Ces deux modes d’ébranlement peuvent s’associer entre eux, ou se succéder à de très courts intervalles. Pour en constater avec précision l’intensité, la direction et la durée et même enregistrer leurs caractères, on se sert d’appareils variés nommés séismographes ou seismomètres, analysateurs, ainsi que de pendules convenablement disposés.

Quelle que soit leur nature, ces effets mécaniques sont d’intensité très variable. Souvent ce sont des ondulations à peine perceptibles et des frémissemens peu inquiétans, qu’au Chili et au Pérou on désigne sous le nom de tremblores, pour les distinguer des véritables terremotos ; quelquefois ce sont des ébranlemens auxquels les constructions en maçonnerie ne peuvent résister. Des villes et des villages se trouvent instantanément transformés en des monceaux de mines, sous lesquelles sont ensevelis des milliers d’habitans.
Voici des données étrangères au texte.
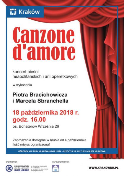Klub Mirage Orodka Kultury Krakw-Nowa Huta (os. Bohaterw Wrzenia 26) zaprasza melomanw 18 padziernika o godz. 16.00 na koncert pieni neapolitaskich oraz arii operetkowych Canzone damore w wykonaniu Piotra Bracichowicza (tenor) oraz Marcela Sbranchella (bas, baryton). Koncert organizowany jest z okazji Dnia Seniora, dlatego pikne gosy i muzyka nie s jedynymi niespodziankami przygotowanymi przez klub.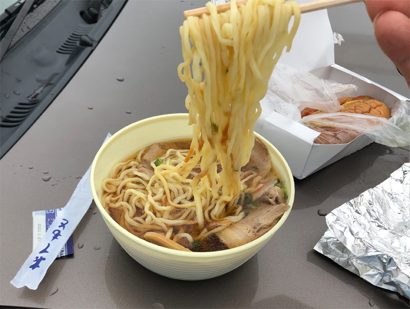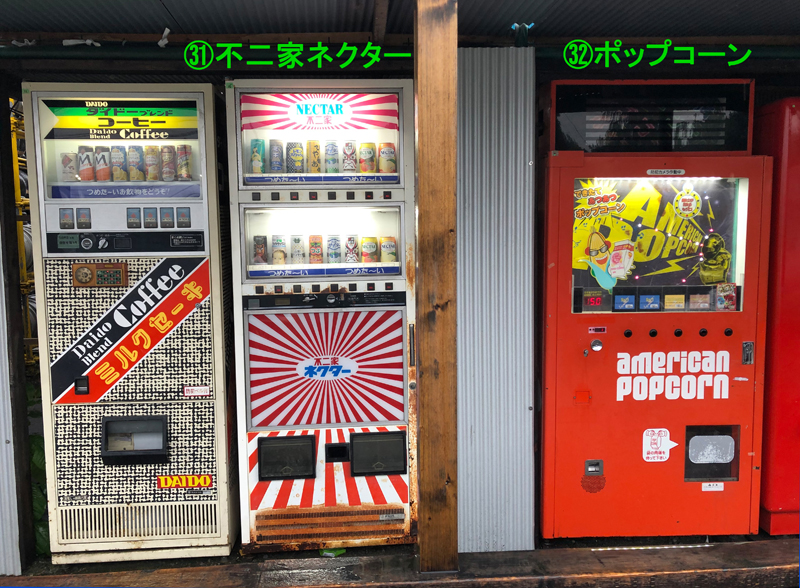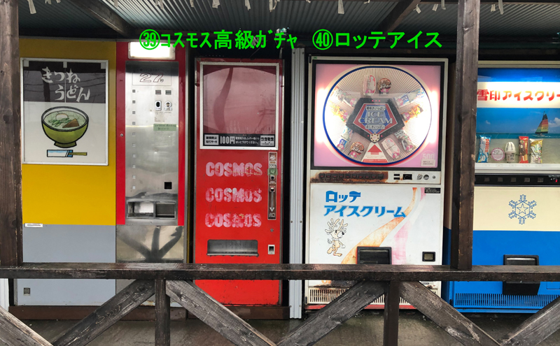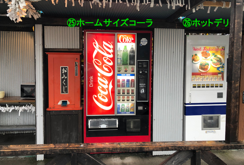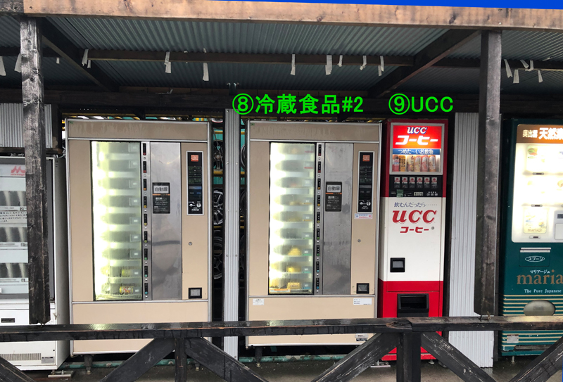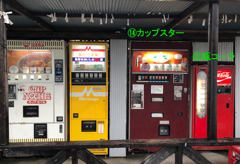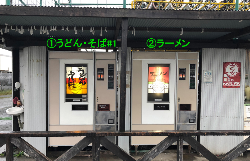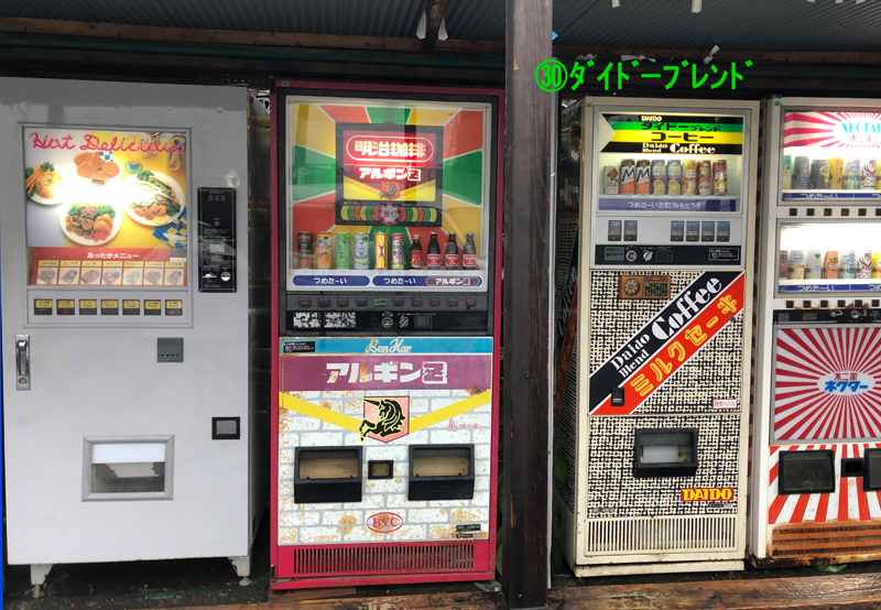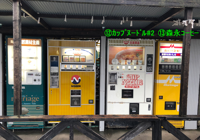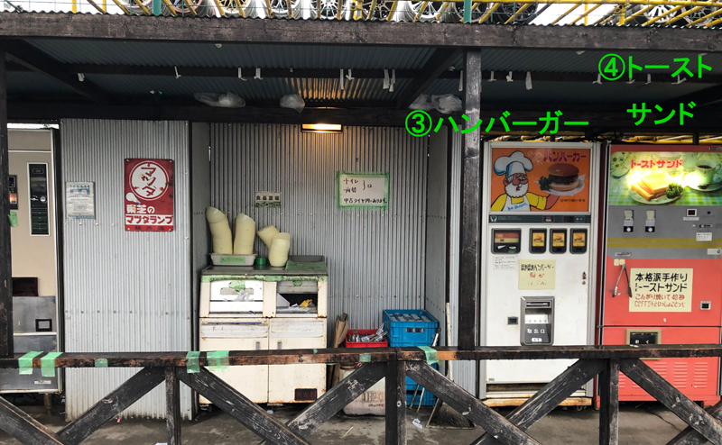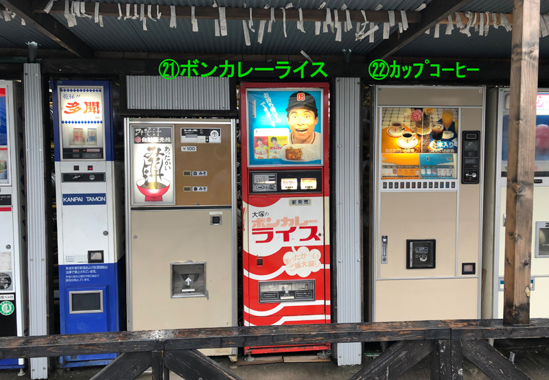 木下「ま、まあそれもしゃちょさんの虚仮の一念といいますか、とりあえずカウントした限りでは2020/06現在45+1〜2台の稼働/非稼働自販機が皆様のお越しをお待ちしておりますので、そっちの方が本業と言っても差し支えないと思われます。あまりにも多すぎて、パノラマ写真を企図した管理者さんの撮影画像がうまく合成できずtableタグを使う羽目になりましたしおすし」 小椋「管理者さんの撮影技術の○コさは今に始まったことではありませんが....しかし壮観ですな、麺類自販機の台数にも驚愕致しますが、宇宙に3台しか現存しないと断言しておられたボンカレー自販機の4台目がここに、最早曜変天目カレーという呼称は相応しくないかと」 木下「しかも予備機をお持ちだそうですからねぇ」 小椋「で、どうするんですか。パイレーツ宜しく左から順番に食っていきますか」 木下「我々を近海の食欲まぢん様か何かと思っているのですか....とりあえず、ここのメインディッシュは押さえておきましょう」 小椋「というと」 ![]() 小椋「なるほど、出発前に『煮卵入りラーメン自販機』を求めて西へ560km走るか、こちらへ向かうか思案されていた唯一無二(現時点)の自販チャーシュー麺ですな」 木下「フライング気味の註釈、重ね重ねありがとうございますた。こちらにはお箸とコショウー、いずれもご用意しております」 小椋「何故そこで伊吹PAの如く伸ばす....」 ![]() 木下「で、こちらがそのお品。これで400円也」 小椋「この手のチャーシュー5枚のせで+¥100というのはなかなかに良心的ですな。ですがこのアオサのようなものは」 木下「それが流石は家系発祥の地(の近くw)と申しますか、具材に海苔を投入していたものと思われます」 小椋「湯洗いを2度行なった上でスープを投入するマシンでですか」 木下「結果海辺の道の駅などで供される『海鮮ラーメン』の類いに微妙に似た感じになっていると思われ」 小椋「ちなみにお味は(ずぞぞぞ)...家系とは似ても似つかぬ走召薄味」 ![]() 木下「そこはほら、ましん系あるあるです。混ぜてみると...あーやっぱり」 小椋「なるほど、例のカップ焼きそばもかくやと思わせるガウナ麺、しかもこれ、なかなかにコユイ味になりますよ」 木下「ダルマと同じ醤油味....というか、ベース味ももう少し濃厚方向に振ったものを使っているのではないでしょうか。しゃちょさんの気合いを感じさせる一品となっております」 ![]() 木下「汁物がきたら、次は固形物」 小椋「炭水化物とタンパク質が大量に入っていたではありませんか」 木下「そこは別腹」 小椋「といいながら、深夜行のお供カフェインが胃にダメェジを」 木下「大丈夫だ、問題ない」 小椋「で、何故よりによってこちら」 木下「昨今の管理者さん、ニチレイを尋ねて三千里状態のようですから」 小椋「似ても似つきませんが」 木下「冷凍つながり」 小椋「や、やり...チープな電子オルゴォルが哀愁を誘いますなぁ」 ![]() 木下「なかなかに盛られた添加物の山」 小椋「それにしても意外とご近所で製造されてますな」 木下「まあこの手の自販機は自給自足が基本ですから」 小椋「....一応冷凍ですから、自前で調理は無理なんでは」 ![]() 木下「とまあ、この手の冷凍スナックにありがちなシワシワぷろだくつ」 小椋「しかしお味はというとパキッとした歯ごたえのソーセージが....か、固てェ」 木下「レンジ調理前未加熱品の割には、水分とんで皮がカピカピですな」 小椋「固くて黒くて、皮が剥けない」 木下「....何を想起しておられるのですか」 小椋「....何を想起させる形状にしているのですか>管理者さん」 ![]() 木下「さてこちら、もう一方のめいんでぃっしゅ」 小椋「確かこれ、前出のパイセンさいとによれば右側のボタンは『ツナトーストサンド』だったやに見えましたが」 木下「仕方ありませんな、昨今サバ缶に押されているとおりますから」 小椋「ではなぜサバ缶トーストにしないのでしょう」 木下「言ってみただけです」 小椋「や、やり....」 木下「まそれはともかく、ドキュメント72時間@公楽園でも取り出そうとして手に炎熱攻撃を食らっていた方がおられましたので、やさしいしゃちょさんにはトングをご用意頂いております」 小椋「わーい....てこれは感染防止的にはどうなんですか」 木下「その心配をされる方は、早朝5時にこんな所に来ていないと思います」 小椋「ふ、ふんがっくっく」 木下「は?」 小椋「おやつを飲み込んで喉に詰め、ぐうの音も出ない旧サザエさん」 木下「来週もまた見て下さいね〜♪」 小椋「おーい....」 ![]() 木下「でました、コレガ噂の」 小椋「前出サイトに書かれて(ry」 木下「ま、まぁ貴重なモノには違いありません。中身はともかく」 小椋「いやそれちげうだろ、中身『も』」 木下「で、では中身を....うーむ」 小椋「....これは....まあ普通のハムトーストです」 木下「公楽園のと比較すると、そうですな、アゲ太郎ぐらいか」 小椋「おっしゃっている意味

Aussi certains modes de construction sont-ils employés dans les pays sujets aux tremblemens de terre, comme opposant plus de résistance, tant par leur faible hauteur que par la nature et l’agencement de leurs matériaux. Depuis longtemps déjà, au Japon, où les agitations sont absolument journalières, ce sont des pièces de bois reliées par des cloisons en bambous. De même aux Philippines et à Manille en particulier, les maisons sont construites en bois et avec des précautions que l’expérience a enseignées, pour se prémunir contre un péril toujours imminent. A Ischia, un décret royal du 29 août dernier prescrit que, dans les communes de Casamicciola, de Lago-Ameno et de Forio, zones particulièrement dangereuses, toutes les constructions seront à l’avenir faites avec enchevêtrement de bois et de fer.

Dans le mouvement ondulatoire qui est le plus habituel, l’agitation est naturellement plus prononcée au sommet des édifices qu’à leur base. Par exemple, le 25 décembre dernier, au théâtre de Madrid, la galerie supérieure subissait visiblement un balancement, tandis que le parterre était tranquille. Pour la même raison, dans l’intérieur des mines, les mouvemens sont incomparablement moins sensibles qu’à la surface du sol. Parmi de très nombreux exemples, je me bornerai à mentionner ceux que l’on observe journellement au Chili. Un jour que le savant géologue qui a, pendant plus de quarante ans, rendu d’éminens services à l’industrie minérale de ce pays, M. Domeyko, se trouvait au fond des mines d’argent de Charnacillo, à 200 mètres de profondeur, occupé à lover des plans de galeries, sa maison et beaucoup d’autres s’écroulaient au-dessus de sa tête, sans qu’il ressentit la moindre agitation.